Kinshasa, 18 novembre 2023.- Dans une déclaration publique rendue ce samedi, le candidat de l’opposition à la présidence de la République, Constant Mutamba, révèle qu’aucune disposition sécuritaire prévue par la loi n’a été prise en faveur des candidats présidentiels jusqu’à la veille de la campagne électorale.
Selon la loi électorale, chaque candidat à la présidence de la République a droit à une protection égale, comprenant notamment une garde de vingt-cinq policiers dont les frais sont pris en charge par le trésor public. Cependant, Constant Mutamba dénonce une violation flagrante de cette disposition et déplore le manque d’application de cette mesure dès la publication de la liste définitive des candidats.
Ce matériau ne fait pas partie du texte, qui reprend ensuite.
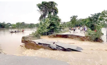
राज्य के 32 जिलों में 4,291 गांवों में 30 लाख से अधिक प्रभावित हुए हैं।

दिसपुर। असम में बाढ़ से हाहाकार मंचा हुआ है। असम राज्य आपदा प्रबंधन प्राधिकरण (एएसडीएफ) ने एक बयान जारी कर जानकारी दी है कि पिछले 24 घंटों में बाढ़ और भूस्खलन से 8 और लोगों की मौत हो गई है। इस मिलाकर अब तक राज्य में मरने वालों की कुल संख्या 62 हो गई है। आठ में से 2 लोग करीमगंज जिले में और 1 व्यक्ति शिलाचर जिले में भूस्खलन की वजह से निधन देव गया और मोकै पर ही मौत हो गई। वहीं बाढ़ के पानी में डूबने से छह लोगों की जान चली गई।
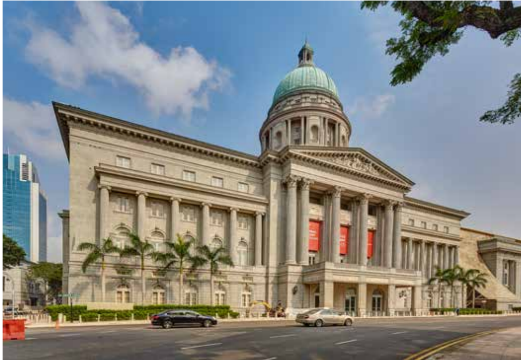
新加坡国家美术馆
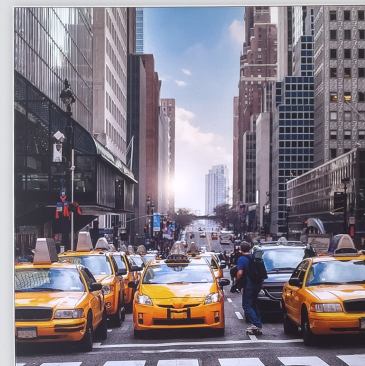
80 x 80 cm

Pour le candidat, le non-respect de cette exigence par le gouvernement soulève des soupçons de complot contre la loi électorale, la République et les candidats à l’élection présidentielle. Il estime que cette négligence politique pourrait avoir de graves conséquences, non seulement pour les personnalités politiques concernées, mais aussi pour les pouvoirs publics.
Il est important de souligner que lors de la réunion entre la Commission électorale nationale indépendante (CENI) et les candidats à la présidence de la République, Théodore Ngoyi avait également soulevé cette préoccupation auprès du président de la République, Félix Tshisekedi. Ce dernier avait indiqué que cette question relevait de la compétence de son ministre de l’Intérieur.
Cette révélation de Mutamba met en lumière une situation préoccupante concernant la sécurité des candidats à la présidence de la République. Il est essentiel que les autorités compétentes prennent des mesures immédiates pour garantir l’égalité de protection et la sécurité de tous les candidats pendant la campagne électorale, conformément à la loi électorale en vigueur.